Erdem Moralıoğlu only had to roll out of bed to find his fall collection narrative: The designer recently moved into a Georgian house in London, only to discover it was previously a “home of hope” in Victorian times — a refuge for fallen and “friendless” women.
Given that his shows usually reference fascinating women from a broad sweep of history, you can imagine his delight discovering a racy illustration of bare buttocks inside the fireplace, and documentation about two intoxicated residents who found themselves locked out one night and decided to incite a riot.
The unearthing in one room of arsenic green wallpaper — the kind that might have driven its occupant mad — further fed the designer’s imagination and the concept of women come undone.
Undone is a relative term with Moralıoğlu, prized for his meticulously crafted dresses with a historical bent. Stripping out the preponderance of leg-of-mutton sleeves, and gloves that delivered this effect, the fall collection felt a tad less period-costume, more heirloom-dressing this season.

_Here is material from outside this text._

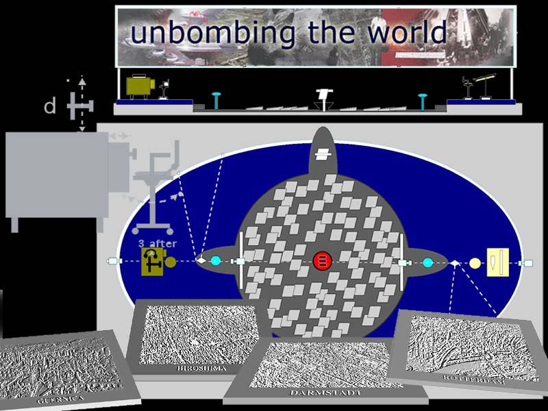 ![]() what Condensing the complex issues of almost a century of aerial bombardments and the targeting and hitting of humans and human habitat, by juxtaposing fragments of historical documents relating to the different actors in this theater of war, both perpetrators and victims: politicians, civil servants, scientists, industrialists, military personnel, civilians. Choosing a significant number and a representative variety of bombed cities from the complete list of approximate 400 towns in the world that have been bombed in the last 90 years. Dramatizing the historical documents that belong to the chosen examples, by using interactive audiovisual media. With each chosen dramatized example, showing comparable examples (just in text form, diagrams or maps) from the complete list, to make the magnitude of destruction always understood. Letting the voices of the victims of bombing be heard by quoting from the vast arsenal of personal accounts that have been published the last nine decades in different countries that have suffered bombing attacks. Making a choice of such writings and translating them in the languages needed in the country or countries where the installation will be shown. Setting up an international network of concerned people: archivists, artists, people who have witnessed a bombing, local journalists, peace activists, translators, photographers, etc., who will share their knowledge by adding it to a public accessible database which will be made available over the Internet. Interfaces: Stones Bureaucratic procedures for choosing targets can lead to the actual destruction of human habitat. High technology is used to bomb people back into the stone age. Images of this destruction, frozen in engraved tombstones, can be personally captured. Rubbings made on paper with charcoal can be taken home. Before proceeding to the other parts of the installation you can wash your hands in 'innocence'. Desks There is an inescapable relation between the targeting and destruction of the human habitat and the reconstruction afterwards. However devastating and cruel the attack, none of the towns bombed by modern technology have been wiped of the face of the earth definitely. The office-desk and the drawing-table are the two symbols that stand at the beginning and end of this process of destruction and recreation. They are the interface to interact with the vast amount of digitized historical data. The office desk stands for the bombing and the architect drawing table for the reconstruction. Sitting at an office desk with drawers full of files with the names of target cities and target areas. Going through these files, taking out one, opening it and study the details. Opening the other drawer of the desk and going through the arsenal of possible weapons. Choosing the right weapon that belongs to how the chosen target fits in space and time. Bombing the target and turn around on your office chair, looking to what was there before and what after. Having the opportunity to turn away from the desk, asking yourself: "what have I done?" Sitting at the drawing table of the urban planner, making an inventory of the war damage, thinking up new plans, deciding what to keep, what to knock down after all. Turning your chair, looking at what was before, at what came after, maybe turning around and ask yourself: "what have I done?". By pointing a hand size symbolic model of an airplane up and down, the visitor can listen to narrated fragments from those who were bombing and those who have been bombed. In a similar way, at the drawing table, the visitor can listen to stories of both the planners and the ones that have been planned, by moving a special drawing pencil up and down over the table why The idea for the Umbombing Project came after a visit to Tokyo in 1995. At first I could not understand why only such a few older buildings and landmarks could be seen, and I was shocked to discover that a great part of this huge city had been torched and burnt down during aerial bombing campaigns of the USA Air Force in March-July 1945. I was ashamed not to know that over a hundred thousand people died, probably more than the death toll taken by the atom bombs dropped on Hiroshima and Nagasaki in August 1945. As 1995 was the 50 years anniversary of the dropping of the atom bombs, an international debate arose. A discussion partly triggered by a proposed exhibition in the American Smithsonian Institute of Technology of the airplane that dropped the atom bombs, the Enola Gay. (...) 1995 was also the year in which discussion lists on the Internet started booming and many people from the USA, Japan, the world over, used this new discussion medium. The discussion was marked by an obvious split between right and wrong, victors and defeated, aggressor and counter-aggressor. It did not sufficiently address the wider problem of the use of aerial bombing: ways of waging war whereby civilians run even more risk to be killed than soldiers. The Unbombing Project is an attempt to go beyond the dichotomized way of discussing war. It raises questions on the massive use of air power during World War II as a means to defeat Nazi Germany, fascist Italy, and imperial Japan (it certainly does not fail to document the indiscriminate and vicious attacks by the air forces of these Axis countries); it raises questions on the practice of "terror-bombing", not aimed at military or economic targets, but at the morale of the population, and thus at their lives. A military strategy that has not sufficiently been put in question, and even continued during the Korean and Vietnam/Indochina wars. The post World War II international tribunals of Nuremberg and Tokyo failed to address the issue of aerial bombing and the hundred thousands of victims it caused. This has left a moral-vacuum, especially on the side of the British, the Americans and allied countries that had a major involvement in the air war (Canada, South Africa, Australia). This moral-vac

The patchy lighting in his pitch-black venue certainly helped one imagine his fallen protagonists, hair drenched, trying to sneak back into their home of hope past curfew. But it did not foster full appreciation of the intricate jet-bead embroideries on coats, the elegant decaying hems of his metallic brocade skirts, and the watery floral prints for full-skirted dresses.
Tearing a page out of the Miu Miu handbook, Moralıoğlu cropped tuxedo shirts down to little boleros, and hacked down his Aran sweaters to little tummy-baring toppers, embellishing his with lace and more jet embroideries.
The show opened with mostly black trench coats and riding jackets, suggesting mourning, and gradually accrued more decoration and color, including acid greens and deep purples. “Dissolving into a hallucinogenic kind of reverie,” the designer enthused.